WORK REQUEST:
In full and without alteration, return the records below.

[Start of Attachment]

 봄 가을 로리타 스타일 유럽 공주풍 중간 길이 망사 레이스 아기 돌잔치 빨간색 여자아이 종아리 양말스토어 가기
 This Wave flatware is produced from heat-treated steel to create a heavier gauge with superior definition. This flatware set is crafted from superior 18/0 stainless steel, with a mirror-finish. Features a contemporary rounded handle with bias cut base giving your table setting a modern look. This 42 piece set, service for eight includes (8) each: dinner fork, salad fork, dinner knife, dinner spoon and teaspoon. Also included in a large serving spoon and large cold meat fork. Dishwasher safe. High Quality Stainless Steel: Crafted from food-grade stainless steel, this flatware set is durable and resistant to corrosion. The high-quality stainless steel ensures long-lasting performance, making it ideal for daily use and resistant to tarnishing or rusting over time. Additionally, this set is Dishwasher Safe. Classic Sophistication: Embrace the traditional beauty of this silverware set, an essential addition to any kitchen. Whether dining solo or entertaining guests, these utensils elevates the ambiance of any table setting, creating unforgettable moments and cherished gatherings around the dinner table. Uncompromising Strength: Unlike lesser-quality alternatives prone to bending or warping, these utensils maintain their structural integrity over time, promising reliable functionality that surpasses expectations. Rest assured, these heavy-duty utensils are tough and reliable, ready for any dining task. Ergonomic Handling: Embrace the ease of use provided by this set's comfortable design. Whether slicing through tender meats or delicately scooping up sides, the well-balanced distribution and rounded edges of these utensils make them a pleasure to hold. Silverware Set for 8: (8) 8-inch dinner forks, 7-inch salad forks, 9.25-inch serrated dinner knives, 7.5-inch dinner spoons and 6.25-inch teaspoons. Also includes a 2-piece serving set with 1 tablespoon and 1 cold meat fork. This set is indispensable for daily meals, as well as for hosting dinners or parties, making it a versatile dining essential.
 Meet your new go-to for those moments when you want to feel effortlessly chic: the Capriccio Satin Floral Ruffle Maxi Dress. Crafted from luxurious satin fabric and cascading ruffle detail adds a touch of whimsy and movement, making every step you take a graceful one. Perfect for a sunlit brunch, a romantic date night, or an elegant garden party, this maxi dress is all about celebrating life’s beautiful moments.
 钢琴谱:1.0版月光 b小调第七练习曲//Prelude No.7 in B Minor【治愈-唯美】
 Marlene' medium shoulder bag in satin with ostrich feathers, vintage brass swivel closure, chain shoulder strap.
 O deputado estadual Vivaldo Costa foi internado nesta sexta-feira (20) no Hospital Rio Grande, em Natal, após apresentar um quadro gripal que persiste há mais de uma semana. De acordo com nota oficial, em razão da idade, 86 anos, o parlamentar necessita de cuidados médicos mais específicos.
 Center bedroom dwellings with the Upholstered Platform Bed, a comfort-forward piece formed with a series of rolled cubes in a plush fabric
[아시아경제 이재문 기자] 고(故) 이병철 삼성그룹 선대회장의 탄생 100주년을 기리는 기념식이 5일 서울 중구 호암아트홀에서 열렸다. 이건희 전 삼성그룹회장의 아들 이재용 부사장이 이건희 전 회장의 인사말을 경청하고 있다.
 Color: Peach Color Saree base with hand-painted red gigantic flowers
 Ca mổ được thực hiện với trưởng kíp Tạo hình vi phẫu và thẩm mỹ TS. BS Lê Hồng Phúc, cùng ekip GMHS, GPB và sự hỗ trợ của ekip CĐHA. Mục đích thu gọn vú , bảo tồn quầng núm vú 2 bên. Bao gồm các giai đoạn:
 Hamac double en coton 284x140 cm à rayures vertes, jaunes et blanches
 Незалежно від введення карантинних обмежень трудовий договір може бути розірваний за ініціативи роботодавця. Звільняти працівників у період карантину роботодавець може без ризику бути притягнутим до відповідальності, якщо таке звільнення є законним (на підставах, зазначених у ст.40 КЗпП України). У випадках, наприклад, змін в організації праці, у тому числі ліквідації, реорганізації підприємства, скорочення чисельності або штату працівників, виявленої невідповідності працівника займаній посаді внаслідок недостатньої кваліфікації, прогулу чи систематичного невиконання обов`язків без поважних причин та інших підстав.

[End of Attachment]

ANSWER TO THE PROBLEM:
 봄 가을 로리타 스타일 유럽 공주풍 중간 길이 망사 레이스 아기 돌잔치 빨간색 여자아이 종아리 양말스토어 가기
 This Wave flatware is produced from heat-treated steel to create a heavier gauge with superior definition. This flatware set is crafted from superior 18/0 stainless steel, with a mirror-finish. Features a contemporary rounded handle with bias cut base giving your table setting a modern look. This 42 piece set, service for eight includes (8) each: dinner fork, salad fork, dinner knife, dinner spoon and teaspoon. Also included in a large serving spoon and large cold meat fork. Dishwasher safe. High Quality Stainless Steel: Crafted from food-grade stainless steel, this flatware set is durable and resistant to corrosion. The high-quality stainless steel ensures long-lasting performance, making it ideal for daily use and resistant to tarnishing or rusting over time. Additionally, this set is Dishwasher Safe. Classic Sophistication: Embrace the traditional beauty of this silverware set, an essential addition to any kitchen. Whether dining solo or entertaining guests, these utensils elevates the ambiance of any table setting, creating unforgettable moments and cherished gatherings around the dinner table. Uncompromising Strength: Unlike lesser-quality alternatives prone to bending or warping, these utensils maintain their structural integrity over time, promising reliable functionality that surpasses expectations. Rest assured, these heavy-duty utensils are tough and reliable, ready for any dining task. Ergonomic Handling: Embrace the ease of use provided by this set's comfortable design. Whether slicing through tender meats or delicately scooping up sides, the well-balanced distribution and rounded edges of these utensils make them a pleasure to hold. Silverware Set for 8: (8) 8-inch dinner forks, 7-inch salad forks, 9.25-inch serrated dinner knives, 7.5-inch dinner spoons and 6.25-inch teaspoons. Also includes a 2-piece serving set with 1 tablespoon and 1 cold meat fork. This set is indispensable for daily meals, as well as for hosting dinners or parties, making it a versatile dining essential.
 Meet your new go-to for those moments when you want to feel effortlessly chic: the Capriccio Satin Floral Ruffle Maxi Dress. Crafted from luxurious satin fabric and cascading ruffle detail adds a touch of whimsy and movement, making every step you take a graceful one. Perfect for a sunlit brunch, a romantic date night, or an elegant garden party, this maxi dress is all about celebrating life’s beautiful moments.
 钢琴谱:1.0版月光 b小调第七练习曲//Prelude No.7 in B Minor【治愈-唯美】
 Marlene' medium shoulder bag in satin with ostrich feathers, vintage brass swivel closure, chain shoulder strap.
 O deputado estadual Vivaldo Costa foi internado nesta sexta-feira (20) no Hospital Rio Grande, em Natal, após apresentar um quadro gripal que persiste há mais de uma semana. De acordo com nota oficial, em razão da idade, 86 anos, o parlamentar necessita de cuidados médicos mais específicos.
 Center bedroom dwellings with the Upholstered Platform Bed, a comfort-forward piece formed with a series of rolled cubes in a plush fabric
[아시아경제 이재문 기자] 고(故) 이병철 삼성그룹 선대회장의 탄생 100주년을 기리는 기념식이 5일 서울 중구 호암아트홀에서 열렸다. 이건희 전 삼성그룹회장의 아들 이재용 부사장이 이건희 전 회장의 인사말을 경청하고 있다.
 Color: Peach Color Saree base with hand-painted red gigantic flowers
 Ca mổ được thực hiện với trưởng kíp Tạo hình vi phẫu và thẩm mỹ TS. BS Lê Hồng Phúc, cùng ekip GMHS, GPB và sự hỗ trợ của ekip CĐHA. Mục đích thu gọn vú , bảo tồn quầng núm vú 2 bên. Bao gồm các giai đoạn:
 Hamac double en coton 284x140 cm à rayures vertes, jaunes et blanches
 Незалежно від введення карантинних обмежень трудовий договір може бути розірваний за ініціативи роботодавця. Звільняти працівників у період карантину роботодавець може без ризику бути притягнутим до відповідальності, якщо таке звільнення є законним (на підставах, зазначених у ст.40 КЗпП України). У випадках, наприклад, змін в організації праці, у тому числі ліквідації, реорганізації підприємства, скорочення чисельності або штату працівників, виявленої невідповідності працівника займаній посаді внаслідок недостатньої кваліфікації, прогулу чи систематичного невиконання обов`язків без поважних причин та інших підстав.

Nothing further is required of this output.